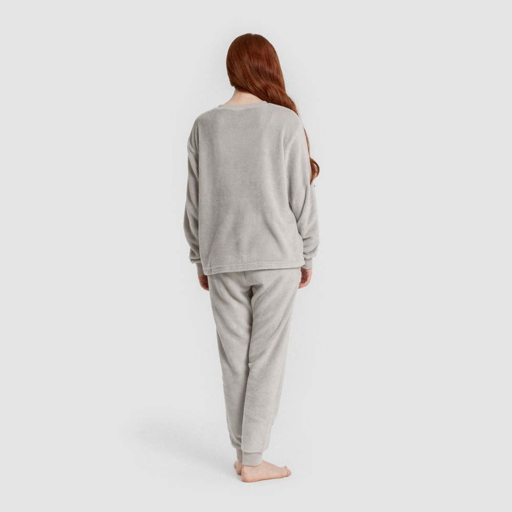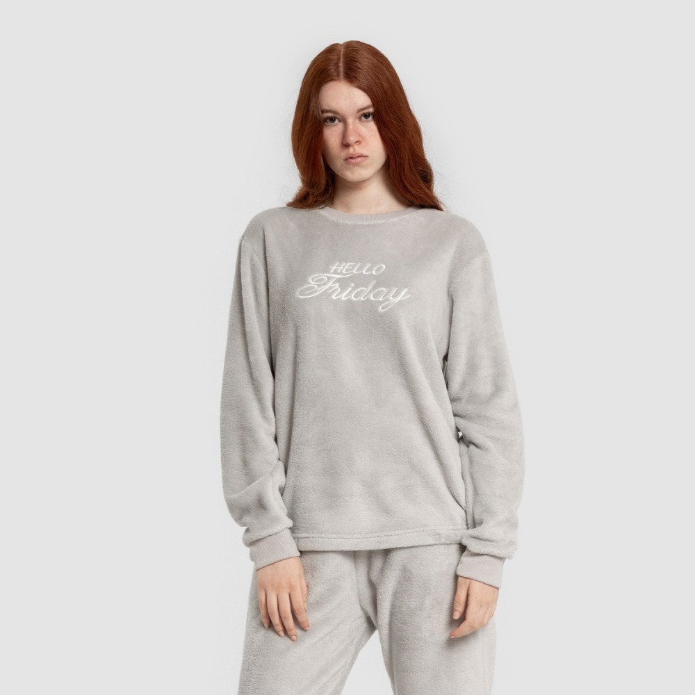 El pijama incluye una camiseta de color gris con texto en la parte central "Hello Friday" y un pantalón liso del mismo tono.
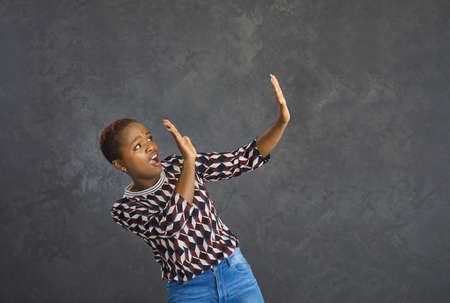 African American young woman show stop or no hand gesture or sign protest against racial or gender discrimination. Biracial female demonstrate object against domestic violence or abortion.
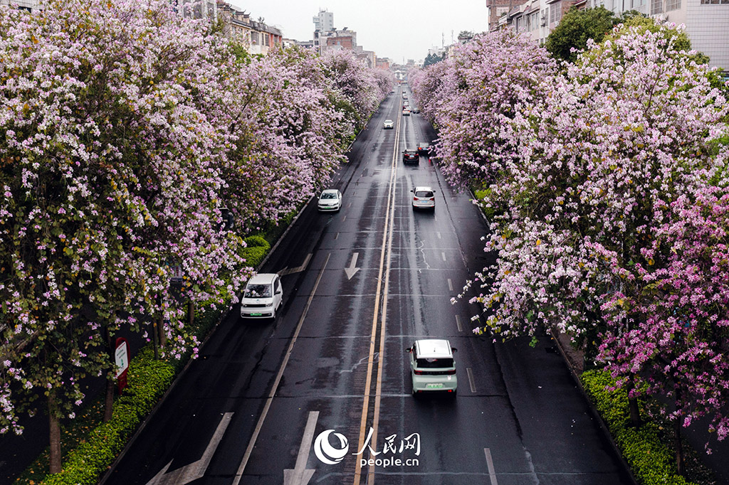 Photo taken on March 15, 2023 shows a view of blooming redbud flowers along a road in Yuzhou district, Yulin city, south China's Guangxi Zhuang Autonomous Region. (People's Daily Online/Yan Lizheng)
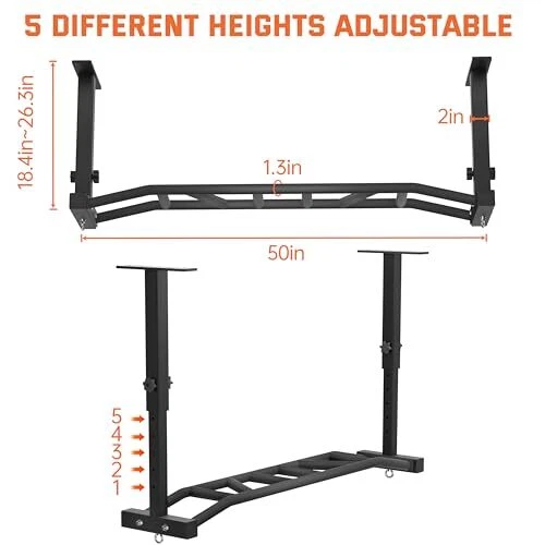 Return Policy Fast Delivery Trusted seller Heavy Duty Wall Mounted/Ceiling Mount Pull Up Bar - Adjustable & Multi-Grip Chin Up Bar for Indoor and Outdoor Workouts, Supports to 600 Lbs Product Description SOLID CONSTRUCTION & DURABLE:Our heavy duty ceiling mount pull up bar are constructed of high-quality 8 mm sheet steel and finished with a black metal powder coat for maximum comfort, stability and safety, and can support up to 600 lbs ADJUSTABLE HEIGHT & SPACE SAVING DESIGN: With our garage pull up bar, the height of the support arms can be adjusted in five positions and the distance from the mounting surface can be adjusted from 18 inches to 26 inches, allowing for a perfect fit for your space and workout preference,Its space-saving design fits I-beams and H-beams, easy to dismount and store in closets or under your couch INCLUDE 2 ROUND ANCHORS:Attach more to your 'wall pull up bar', like suspension straps, training ropes, and yoga straps. You can even hang a heavy bag for boxing training. Add diversity to your fitness routine with our 'outdoor pull up bar' VARIED HANDLE POSITIONS: Our joist mounted pull up bar features 14 different grip positions, enabling you to switch your workout regime and different muscle groups. The diameter of the handle is 1.5 inches, making it more suitable for long-lasting exercising EASY INSTALLATION: rafter pull up bar comes complete with all necessary mounting screws including wood screws for wood mounting and pull-pop screws for concrete walls. The mounting holes are spaced 48 inches apart, perfect for accommodating ceiling studs SATISFACTION GUARANTEE:At , we are confident that you will love our 'pull up bar wall mounted'. But if you are not satisfied for any reason, you can return it within 90 days for a replacement. We also offer a 2-year protection plan for extra peace of mind Shipping Returns Payment Shipping Shipping is FREE to all addresses other than APO/PO boxes in the lower 48 states. All our stock ships from US-based warehouses. Shipped via USPS or UPS (depending on location and package weight) Unless stated otherwise, all orders will ship within 24-72 hours of your payment being processed. Check our feedback to see the great reviews of FAST shipping we offer. Returns Seller does not accept returns Payment We currently accept payment via eBay managed payments only. Once payment is cleared, we will dispatch your shipment within 1-3 business days. Please refer to the "Shipping" tab for more information regarding shipping speed to your destination.
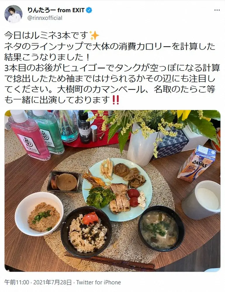 EXITのりんたろー。 Photo by スポニチ りんたろー。 カロリー計算をした手作り朝食に「理想的な食事」「バラン… ギャラリーで見る この記事のフォト 2021年07月29日の画像一覧 もっと見る 2021年07月29日の画像をもっと見る
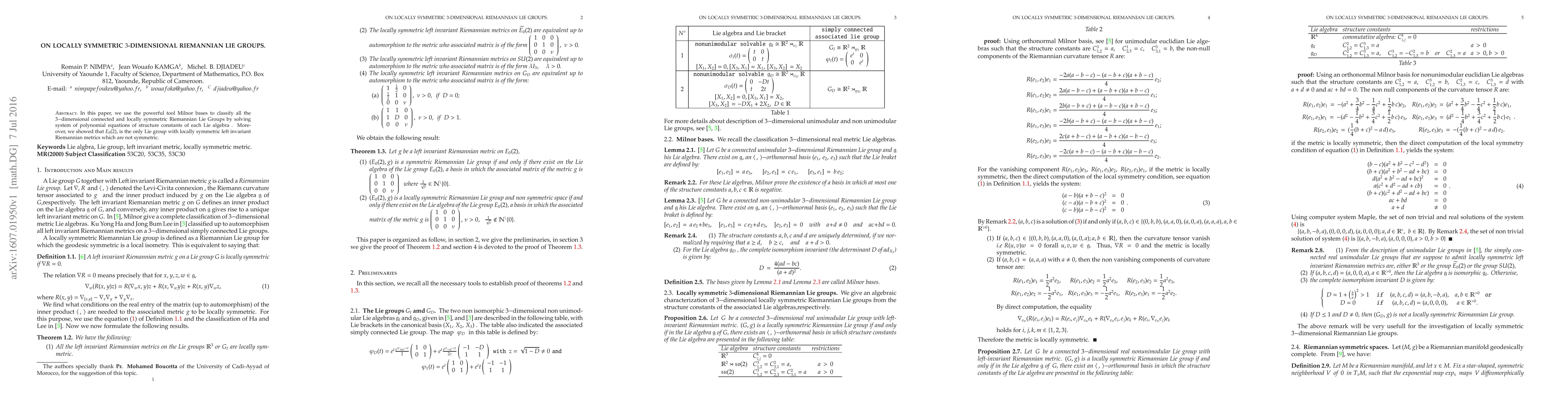 This paper classifies all connected and locally symmetric 3-dimensional Riemannian Lie groups using Milnor bases and polynomial equations, revealing that $E_0(2)$ is the sole group with locally symmetric but non-symmetric left-invariant Riemannian metrics.
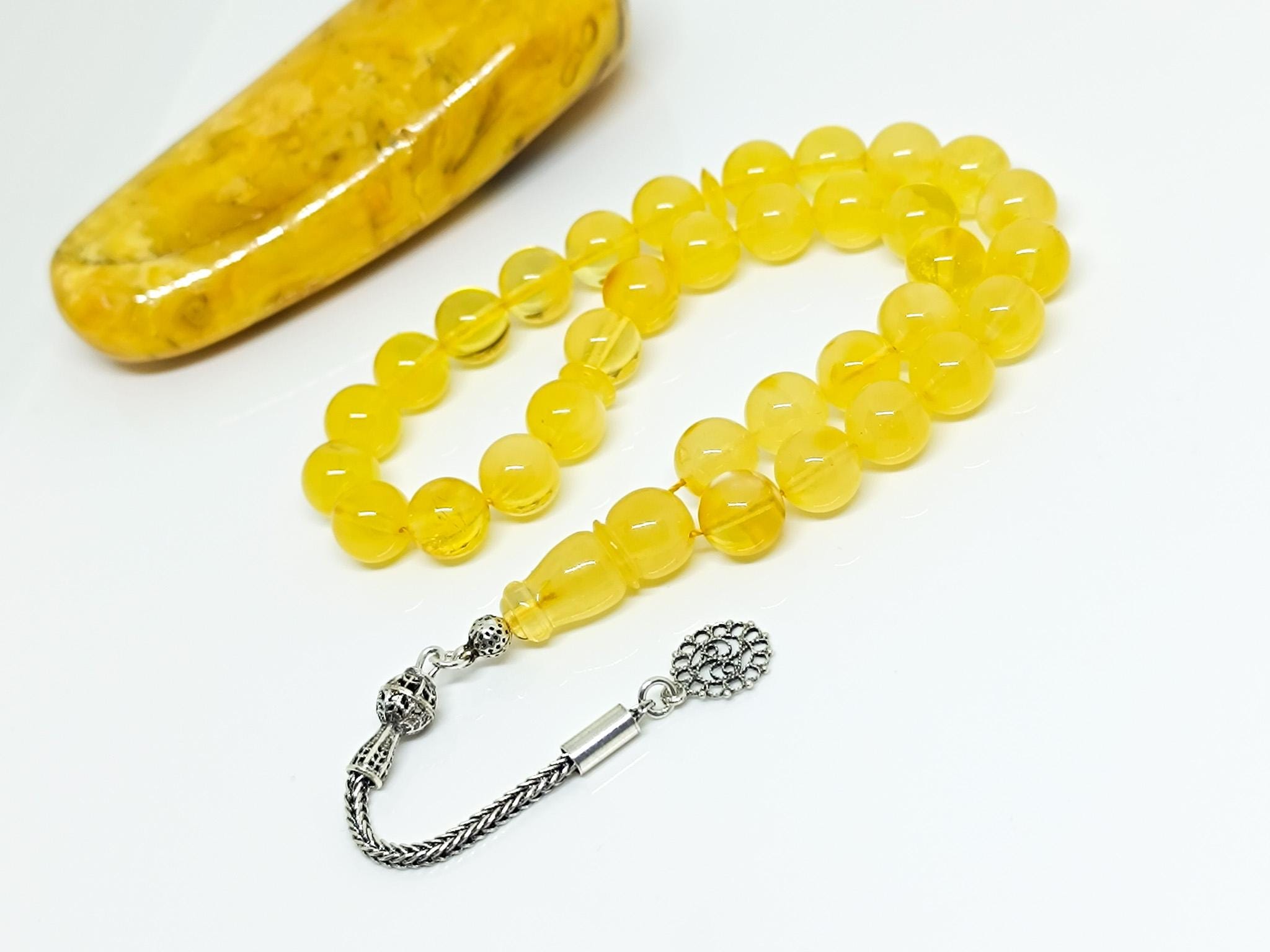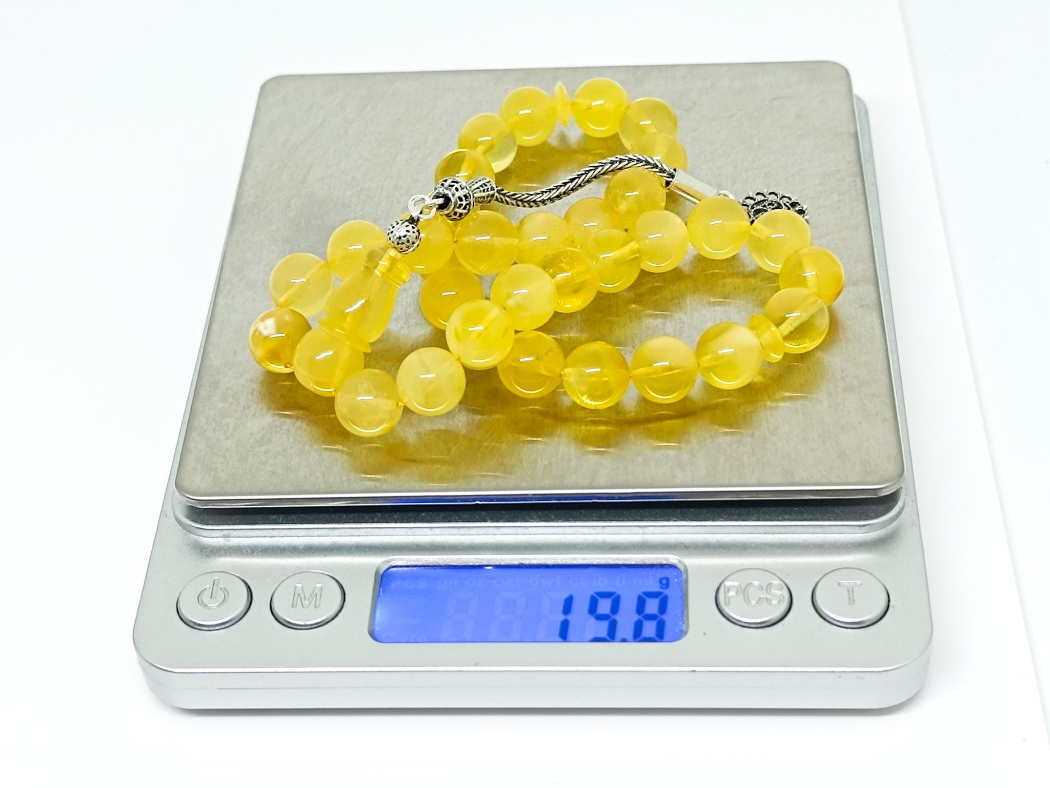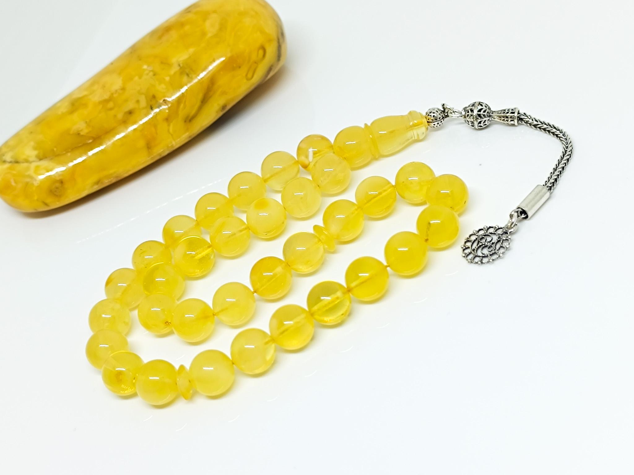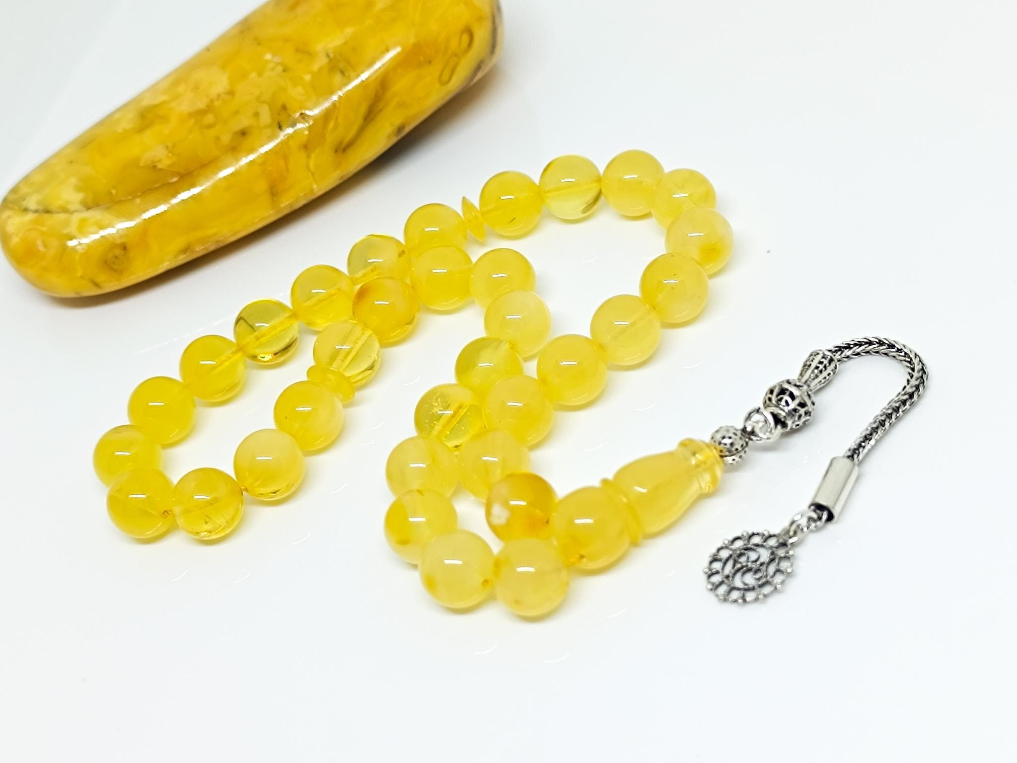 Natural Baltic Amber Rosary with 33 Beads & 925 Sterling Silver,Natural Baltic Amber Islamic Rosary, Amber Tesbih, Kahraman, Kehribar, 10mm

───

* **What the task asks**: Everything from the first line of the entries through the line that contains "African American young" is to be reproduced exactly, except the pictures.

* **Expected answer**:
 El pijama incluye una camiseta de color gris con texto en la parte central "Hello Friday" y un pantalón liso del mismo tono.
 African American young woman show stop or no hand gesture or sign protest against racial or gender discrimination. Biracial female demonstrate object against domestic violence or abortion.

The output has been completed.